What is striking is how long it has taken for these shows to land in the West End after finding success in the States (more than 15 years in the case of Next to Normal). Perhaps that has something to do with the UK’s famed emotional reserve. The pandemic, though, seem to have changed things. Wolfe, who is 28, certainly feels it is the case among his peers.

“There’s a difference in language and understanding now,” he says. “We can speak about medication and therapy [much more openly]. We are learning to explore our psychology in a new way and you have the capacity to see that in these shows. Lots of people were craving contact and humanity [during the pandemic] and now want to know how others are feeling. These shows can begin that conversation. They are not always an easy watch but are well worth it.”

Taylor-Mills has also noticed the changing audience demographic over the past five years. “With everything that’s gone on socially and politically, theatre and audiences are shifting very quickly. The people coming are different and the work I’m putting out now is responding to that. Gone are the days when we were trying to find shows for [only] 45-plus female ticket-buyers coming in from the Home Counties … As we rebuild, it shouldn’t be seen as something to be resisted. It’s how we ensure a future for those who would typically go and see a Rodgers & Hammerstein musical, or something more traditional, as well as a future for new audiences.”

And where the West End is embracing tried-and-tested musicals with such themes, the British producer, Nica Burns, is fast becoming a champion of edgy homegrown productions, from Everyone’s Talking About Jamie, which she saw in its early guise in Sheffield and developed for the West End, to The Little Big Things, about disability, mental health and family guilt. “Developing a musical is much more expensive [than a play],” she says. “I’m prepared to take a risk and give opportunities.”

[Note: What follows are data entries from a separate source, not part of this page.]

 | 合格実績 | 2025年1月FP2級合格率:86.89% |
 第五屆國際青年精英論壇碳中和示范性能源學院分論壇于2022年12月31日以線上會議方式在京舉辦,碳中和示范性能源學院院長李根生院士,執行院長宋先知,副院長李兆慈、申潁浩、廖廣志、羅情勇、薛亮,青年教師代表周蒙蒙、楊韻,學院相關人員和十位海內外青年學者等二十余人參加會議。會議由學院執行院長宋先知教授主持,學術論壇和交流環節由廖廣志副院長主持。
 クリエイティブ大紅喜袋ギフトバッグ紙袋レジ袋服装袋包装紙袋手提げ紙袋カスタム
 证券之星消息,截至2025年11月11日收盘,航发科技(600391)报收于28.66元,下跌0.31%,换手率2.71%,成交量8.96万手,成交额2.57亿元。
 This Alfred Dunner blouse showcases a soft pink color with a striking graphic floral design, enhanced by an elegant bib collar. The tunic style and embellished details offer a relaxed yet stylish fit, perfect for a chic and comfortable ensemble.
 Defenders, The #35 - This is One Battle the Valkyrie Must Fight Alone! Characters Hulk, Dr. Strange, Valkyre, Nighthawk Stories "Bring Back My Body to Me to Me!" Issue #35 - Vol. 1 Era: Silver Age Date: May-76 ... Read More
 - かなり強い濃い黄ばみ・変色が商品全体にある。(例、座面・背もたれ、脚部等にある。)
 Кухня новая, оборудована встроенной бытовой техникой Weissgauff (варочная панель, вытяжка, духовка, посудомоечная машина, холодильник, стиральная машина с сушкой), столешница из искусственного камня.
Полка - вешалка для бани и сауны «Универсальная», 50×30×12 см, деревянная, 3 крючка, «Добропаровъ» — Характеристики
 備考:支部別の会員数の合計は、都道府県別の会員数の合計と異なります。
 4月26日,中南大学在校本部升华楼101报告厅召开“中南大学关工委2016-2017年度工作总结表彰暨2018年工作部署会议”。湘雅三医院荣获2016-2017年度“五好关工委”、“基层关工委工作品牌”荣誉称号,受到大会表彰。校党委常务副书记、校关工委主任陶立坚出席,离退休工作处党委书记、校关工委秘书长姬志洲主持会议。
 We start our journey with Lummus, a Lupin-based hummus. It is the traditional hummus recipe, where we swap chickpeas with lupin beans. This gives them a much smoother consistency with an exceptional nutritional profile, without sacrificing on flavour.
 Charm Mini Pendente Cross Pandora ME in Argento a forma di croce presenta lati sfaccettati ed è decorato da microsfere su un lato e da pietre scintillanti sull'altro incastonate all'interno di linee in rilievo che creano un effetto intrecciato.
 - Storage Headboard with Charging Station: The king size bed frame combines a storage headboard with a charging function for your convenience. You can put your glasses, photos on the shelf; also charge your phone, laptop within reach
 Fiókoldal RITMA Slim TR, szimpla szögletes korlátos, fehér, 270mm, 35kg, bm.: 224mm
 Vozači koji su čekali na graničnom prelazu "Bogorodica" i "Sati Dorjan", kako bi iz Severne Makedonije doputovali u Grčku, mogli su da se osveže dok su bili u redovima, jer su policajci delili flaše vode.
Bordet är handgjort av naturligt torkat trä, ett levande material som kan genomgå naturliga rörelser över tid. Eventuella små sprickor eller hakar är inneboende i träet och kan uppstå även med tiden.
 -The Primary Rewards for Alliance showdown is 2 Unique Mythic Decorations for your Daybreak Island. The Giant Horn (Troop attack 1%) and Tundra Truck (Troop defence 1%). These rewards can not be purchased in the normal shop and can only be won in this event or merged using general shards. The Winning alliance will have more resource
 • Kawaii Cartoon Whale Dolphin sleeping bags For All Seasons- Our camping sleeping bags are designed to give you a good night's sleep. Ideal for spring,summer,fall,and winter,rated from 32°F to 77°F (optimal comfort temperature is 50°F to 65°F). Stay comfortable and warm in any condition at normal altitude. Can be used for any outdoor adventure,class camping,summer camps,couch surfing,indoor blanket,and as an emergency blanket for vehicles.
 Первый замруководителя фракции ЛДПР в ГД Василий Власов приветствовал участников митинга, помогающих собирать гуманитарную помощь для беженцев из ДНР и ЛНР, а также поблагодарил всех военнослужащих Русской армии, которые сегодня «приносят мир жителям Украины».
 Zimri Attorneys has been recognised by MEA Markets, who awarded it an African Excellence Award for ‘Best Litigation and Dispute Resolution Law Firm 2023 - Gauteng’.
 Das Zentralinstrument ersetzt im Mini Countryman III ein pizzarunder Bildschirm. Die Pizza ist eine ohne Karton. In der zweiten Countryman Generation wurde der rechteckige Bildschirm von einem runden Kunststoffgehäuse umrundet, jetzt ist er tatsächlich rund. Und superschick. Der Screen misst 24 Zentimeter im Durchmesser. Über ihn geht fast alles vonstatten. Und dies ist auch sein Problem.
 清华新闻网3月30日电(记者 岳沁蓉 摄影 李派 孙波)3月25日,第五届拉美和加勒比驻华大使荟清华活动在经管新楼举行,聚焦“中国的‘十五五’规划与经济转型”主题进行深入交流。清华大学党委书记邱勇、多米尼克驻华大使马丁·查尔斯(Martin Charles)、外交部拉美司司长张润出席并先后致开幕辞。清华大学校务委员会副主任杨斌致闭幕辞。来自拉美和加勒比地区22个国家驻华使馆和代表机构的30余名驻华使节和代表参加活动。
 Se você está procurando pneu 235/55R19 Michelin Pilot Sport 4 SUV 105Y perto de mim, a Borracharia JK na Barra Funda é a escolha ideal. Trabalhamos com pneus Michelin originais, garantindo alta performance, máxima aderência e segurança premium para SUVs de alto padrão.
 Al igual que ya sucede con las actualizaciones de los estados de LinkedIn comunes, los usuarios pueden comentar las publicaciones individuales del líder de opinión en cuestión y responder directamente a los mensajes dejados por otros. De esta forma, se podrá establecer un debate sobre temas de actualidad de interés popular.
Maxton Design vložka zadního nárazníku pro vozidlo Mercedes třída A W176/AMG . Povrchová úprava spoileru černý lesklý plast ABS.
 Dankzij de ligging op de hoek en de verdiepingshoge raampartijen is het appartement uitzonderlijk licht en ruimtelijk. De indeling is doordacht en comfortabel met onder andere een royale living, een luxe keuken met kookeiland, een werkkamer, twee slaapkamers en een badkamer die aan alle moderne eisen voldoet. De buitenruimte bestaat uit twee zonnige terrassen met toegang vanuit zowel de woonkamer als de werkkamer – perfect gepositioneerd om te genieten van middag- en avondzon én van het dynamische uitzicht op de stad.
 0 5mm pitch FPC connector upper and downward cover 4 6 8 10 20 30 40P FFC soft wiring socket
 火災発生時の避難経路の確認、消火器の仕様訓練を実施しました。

Young people in particular are telling their own stories in musical theatre form, she thinks, and audiences, for their part, are responding to shows about life today and its everyday challenges. “These contemporary shows speak to everyone,” she says. “They don’t take away from the classics.”

Next to Normal runs at Wyndham’s theatre, London, 18 June to 21 September. The Spring Awakening 15th anniversary concert is 2 June at Victoria Palace theatre, London. Heathers The Musical is on a limited six-week run @sohoplace, London, to 6 June.